What Yolanda’s Story Reveals About the 2026 Tax Season
Her experience captures something broader about this filing year. According to ABC7’s 2026 tax season coverage, the IRS began accepting returns in late January 2026, with Americans having until April 15 to file. Early filers have historically seen faster processing — but “faster” is relative when system backlogs or additional review flags slow individual returns.

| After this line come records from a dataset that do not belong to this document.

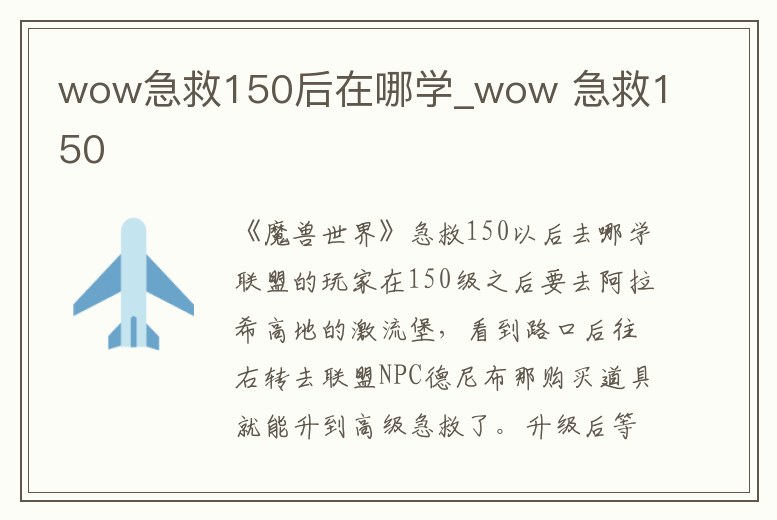 《魔獸世界》急救150以后去哪學聯盟的玩家在150級之后要去阿拉希高地的激流堡,看到路口后往右轉去聯盟NPC德尼布那購買道具就能升到高級急救了。升級后等級上限到225級,NPC在過了橋之后的右邊可以看見,順便還可以買魔紋繃帶和絲綢繃帶的配方。和聯盟不一。1、魔獸世界急救烹飪釣魚150以后分別去哪學聯盟玩家:烹飪等級到了150級后可以到灰谷的石爪小徑附近找到npc珊蒂瑞亞(49,67)購買中級烹飪教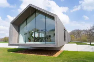 Met zijn zelfgebouwde abstracte schuurwoning heeft architect Dennis Weerink van Reitsema & Partners de Reynaers Projectprijs 2021 gewonnen. Gevelbouwer OWK realiseerde de aluminium gevelelementen waaronder de opvallende schuifpui van 4,5 meter hoog.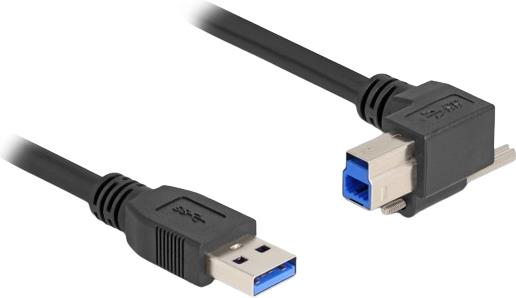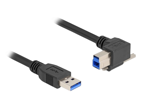 Das Delock USB-Kabel bietet eine zuverlässige Verbindung für verschiedene Geräte mit USB 3.0-Standard für eine schnelle und effiziente Datenübertragung. Mit einer maximalen Datenübertragungsrate von bis zu 5 Gbit/s sorgt dieses Kabel für eine reibungslose Kommunikation zwischen Geräten und unterstützt sowohl Daten- als auch Stromübertragungen. Der linke Stecker ist als gerader 9-Pin-USB-Typ-A-Stecker ausgeführt, während der rechte Stecker einen um 90° abgewinkelten 9-Pin-USB-Typ-B-Stecker hat, so dass sich das Kabel auch bei beengten Platzverhältnissen leicht anschließen lässt, ohne zu verkanten. Das Kabel ist mit Rändelschrauben ausgestattet und bietet eine sichere Verbindung, die ein versehentliches Trennen der Verbindung während der Nutzung verhindert.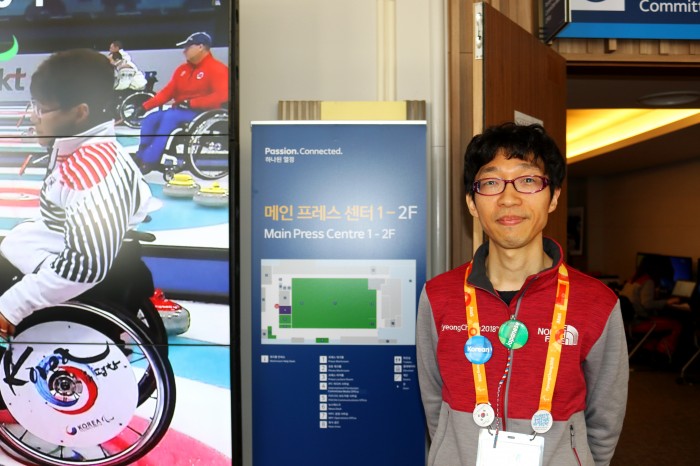 コン・ソンイルさんは、そんなボランティアスタッフの一人だ。コンさんの平昌パラリンピックでの仕事は、メイン・プレスセンターにおける言語ヘルプサービス。つまり、言語の壁をなくす為のボランティアである。対応言語は韓国語と日本語。オリンピック開催期間は選手村で同様の業務にあたった。両大会合わせて約2ヶ月もボランティアに従事できたのは、今が“春休み”だからだ。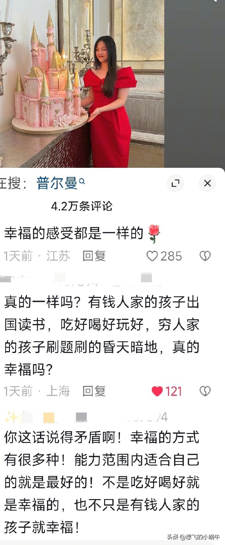 我真的搞不懂这些在李湘评论区晒自己女儿的女人!在我看来就是一群喜欢攀比又虚伪的人! 你承认别人的优秀有那么难吗?你跟王诗龄有啥对比性??? 尤其是孩子坐地上吃饭这个女的,她想表达啥?意思是自己的孩子多懂事多能吃苦耐劳??还是想说自己的女儿也漂亮? 真心受不了这样的女人,因为我妈以前就是这样的女人,不分场合见人就拿我说事说话,我表面乖乖的赔笑脸,内心哭泣千万次了! 因为家里穷,我从不要任何东西,他们也从来不主动给我买啥,我理解他们的穷苦,但是我妈见人就说,你看我家这货这么大了都不爱美,不打扮自己…有的跟她的同类就各种骂我指责我让我学学怎么做女孩子,有的就知道我家那情况,人家笑笑不说话……… 她说一两次就算了,每次见人就说,有一次我真的忍无可忍了,怼了句,我也想打扮啊,可是你们没钱,有时候上学学费都是借来的,你让我怎么忍心找你们要钱买衣服买东西?我拿啥打扮啊?她瞬间变脸瞪着我,我低下头,亲戚奶奶说,她不打扮也很心疼,娃多懂事,寒暄几句…… 结果我回到家,我就知道我又要迎来一顿拳头暴风雨了,果然没错,因为给她丢脸了,一到家对我就是一顿暴打……从那以后我都不爱跟她出门,呵呵了,一辈子都忘不了! 有些人,穷的理直气壮,还不忘给旁人嘚瑟他们是多爱孩子!在外人面前特别能装,精神上提供不了任何爱,物质上更提供不了!还要一味的跟人攀比成性!!! 所以我发誓,我不要做像我妈那种虚伪又无能只会发脾气只会抱怨的女人! 所以现在的我,疼爱我的娃,我们不跟别人比,不去在外人面前炫耀我的孩子这那的任何一方面,别人夸孩子笑笑就行,因为谁说的话真假都在心里会衡量,更不会去在别人评论区晒自己的孩子让别人评头论足,也会反省自己,既然给不了孩子更好的生活,就不要假装她过的很幸福,时常站在孩子的角度考虑问题,不强迫孩子做自己不喜欢的事,让她从心里接受自己的妈妈是真心在乎她心里感受的人,心里健康的平安普通长大就好!!! 在我看来,穷就过穷日子,不要硬装自己有多为孩子着想对孩子多好,你连最基本的生活保障都无法给孩子提供更好的,你还好意思在大富豪跟前攀比炫耀?难道自己的女儿看到王诗龄不羡慕吗?不心酸吗?孩子懂事,就觉得孩子幸福?可笑荒唐至极!看的很气愤,就觉得一个碗都放地上让孩子吃的人,她在生活中能有多讲究多幸福?真的可笑死了,还在那跟一个女网友对骂!真的同情她那可怜的孩子!被放在人家评论区被人评头论足!!!唉!!!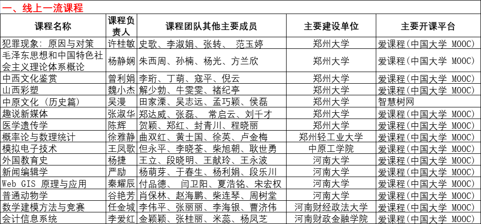 4月11日,教育部公示了第二批国家级一流本科课程认定结果,拟认定5751门课程为第二批国家级一流本科课程。其中,河南高校15门线上一流课程、9门虚拟仿真实验教学课程,111门线上线下混合式课程、35门线下课程、10门社会实践课程入选(战略支援部队信息工程大学未纳入统计)。

There has also been a persistent wave of misinformation this season. Claims about new stimulus checks, IRS direct deposits tied to tariff dividends, and special relief payments circulated heavily throughout early 2026, according to Fox5 DC’s ongoing fact-checks. None of these have been authorized by Congress. Yolanda told me she received two text messages in February claiming she was owed an additional $1,400 payment. She ignored both. “I’ve been burned enough times trusting things that sound too good,” she said. “I just didn’t engage.”
The Outcome — and What Yolanda Would Do Differently
When the $2,340 finally landed in her checking account on February 27th, Yolanda put $1,500 toward her outstanding student loan balance and kept the rest as a cushion. It wasn’t a dramatic turnaround. But it was progress — the kind that compounds quietly over time for people who keep showing up.
When I asked what she’d do differently next year, she didn’t hesitate. “Call the offset number before I file. Just know what I’m walking into.” She also said she plans to adjust her withholding so she isn’t waiting on a large refund to make financial decisions. “A refund sounds like a gift, but it’s your own money. I’d rather have it spread out through the year.”
Sitting across from Yolanda in that community center after the veterans’ meeting, I thought about how many people are waiting on a refund right now with the same combination of hope and dread she carried through February. The IRS process is not designed around individual urgency. It runs on its own schedule. What Yolanda’s story makes clear is that knowing that schedule — and understanding the offsets, the tools, and the timelines — is the difference between a month of anxiety and a month of informed waiting.
Those are different experiences, even when the outcome is the same number in your bank account.